### [Exercise]
Please give the lines below again exactly as they stand, from the one that contains "Odd they were" up to and including the one that contains "2021 Yılı Mazot", leaving all pictures out.

### [Records from a collection]

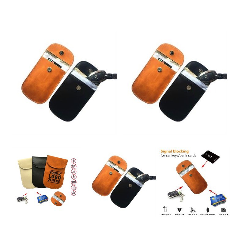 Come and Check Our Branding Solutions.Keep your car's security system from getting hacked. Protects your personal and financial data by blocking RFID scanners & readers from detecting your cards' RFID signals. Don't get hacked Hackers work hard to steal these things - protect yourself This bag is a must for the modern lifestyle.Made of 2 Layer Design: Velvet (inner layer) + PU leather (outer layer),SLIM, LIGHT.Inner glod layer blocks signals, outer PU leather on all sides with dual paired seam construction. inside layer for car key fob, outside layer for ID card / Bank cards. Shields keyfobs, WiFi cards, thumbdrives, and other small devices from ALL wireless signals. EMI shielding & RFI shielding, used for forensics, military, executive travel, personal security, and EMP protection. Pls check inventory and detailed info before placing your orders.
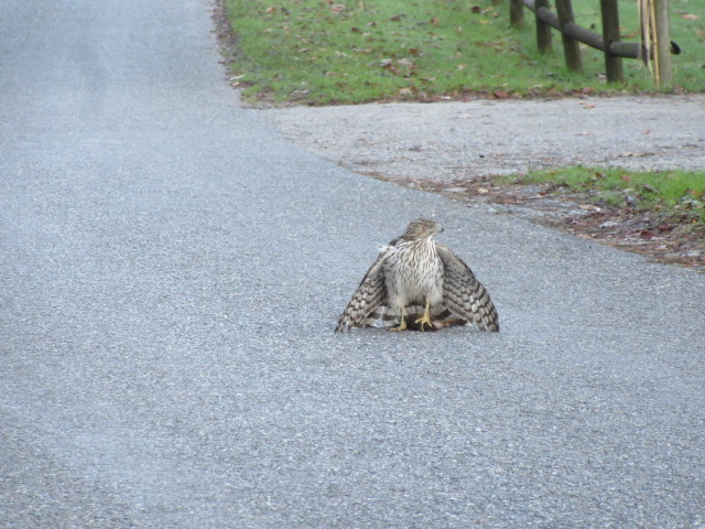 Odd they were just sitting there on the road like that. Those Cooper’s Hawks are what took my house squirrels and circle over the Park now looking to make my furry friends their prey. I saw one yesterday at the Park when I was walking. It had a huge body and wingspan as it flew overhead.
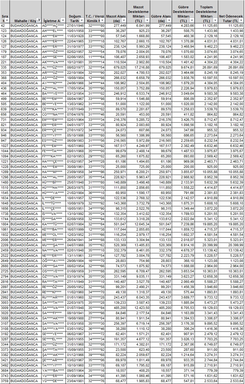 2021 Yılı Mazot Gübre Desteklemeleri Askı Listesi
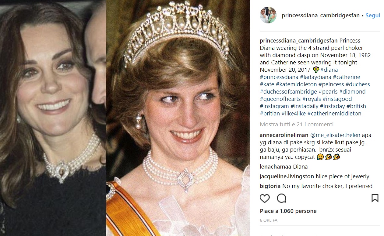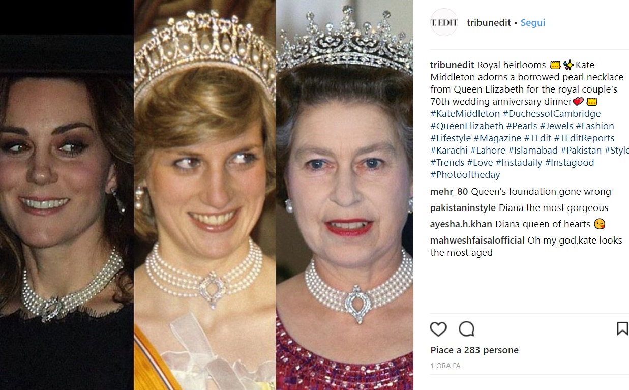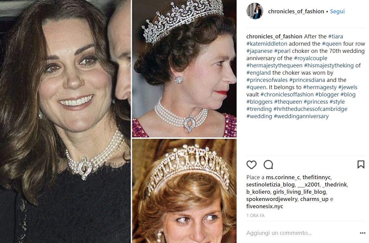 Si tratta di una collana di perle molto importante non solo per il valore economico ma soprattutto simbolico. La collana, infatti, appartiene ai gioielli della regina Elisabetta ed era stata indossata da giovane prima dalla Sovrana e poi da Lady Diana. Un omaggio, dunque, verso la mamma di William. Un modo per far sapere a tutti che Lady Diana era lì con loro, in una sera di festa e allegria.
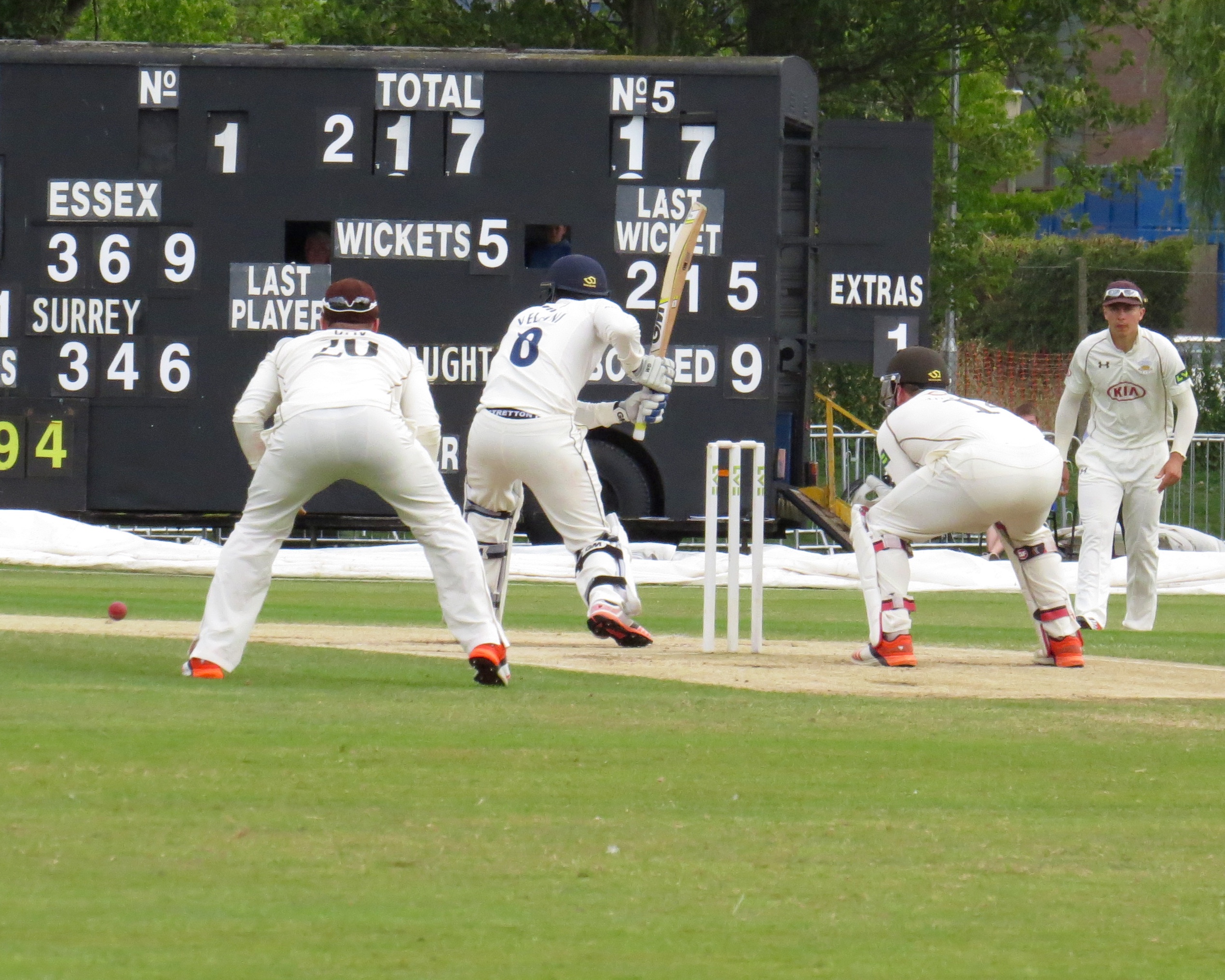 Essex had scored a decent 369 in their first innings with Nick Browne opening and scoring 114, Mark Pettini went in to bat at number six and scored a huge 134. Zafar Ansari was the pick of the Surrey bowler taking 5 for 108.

### [Written solution]
 Odd they were just sitting there on the road like that. Those Cooper’s Hawks are what took my house squirrels and circle over the Park now looking to make my furry friends their prey. I saw one yesterday at the Park when I was walking. It had a huge body and wingspan as it flew overhead.
 2021 Yılı Mazot Gübre Desteklemeleri Askı Listesi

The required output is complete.